Opsin3 (Opn3) is a transmembrane heptahelical G protein-coupled receptor (GPCR) with the potential to produce a nonvisual photoreceptive effect. Interestingly, anatomical profiling of GPCRs reveals ...that Opn3 mRNA is highly expressed in adipose tissue. The photosensitive functions of Opn3 in mammals are poorly understood, and whether Opn3 has a role in fat is entirely unknown. In this study, we found that Opn3-knockout (Opn3-KO) mice were prone to diet-induced obesity and insulin resistance. At the cellular level, Opn3-KO brown adipocytes cultured in darkness had decreased glucose uptake and lower nutrient-induced mitochondrial respiration than wild-type (WT) cells.
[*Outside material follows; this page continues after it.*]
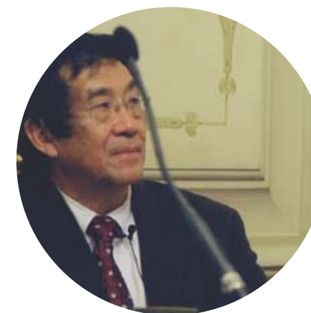
Веймин Ту Weiming Tu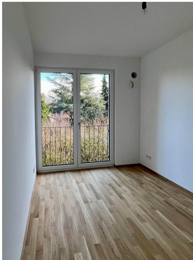
Zimmer Ost OG

Light exposure promoted mitochondrial activity and glucose uptake in WT adipocytes but not in Opn3-KO cells. Brown adipocytes carrying a defective mutation in Opn3's putative G protein-binding domain also exhibited a reduction in glucose uptake and mitochondrial respiration in darkness. Using RNA-sequencing, we identified several novel light-sensitive and Opn3-dependent molecular signatures in brown adipocytes. Importantly, direct exposure of brown adipose tissue (BAT) to light in living mice significantly enhanced thermogenic capacity of BAT, and this effect was diminished in Opn3-KO animals. These results uncover a previously unrecognized cell-autonomous, light-sensing mechanism in brown adipocytes via Opn3-GPCR signaling that can regulate fuel metabolism and mitochondrial respiration. Our work also provides a molecular basis for developing light-based treatments for obesity and its related metabolic disorders.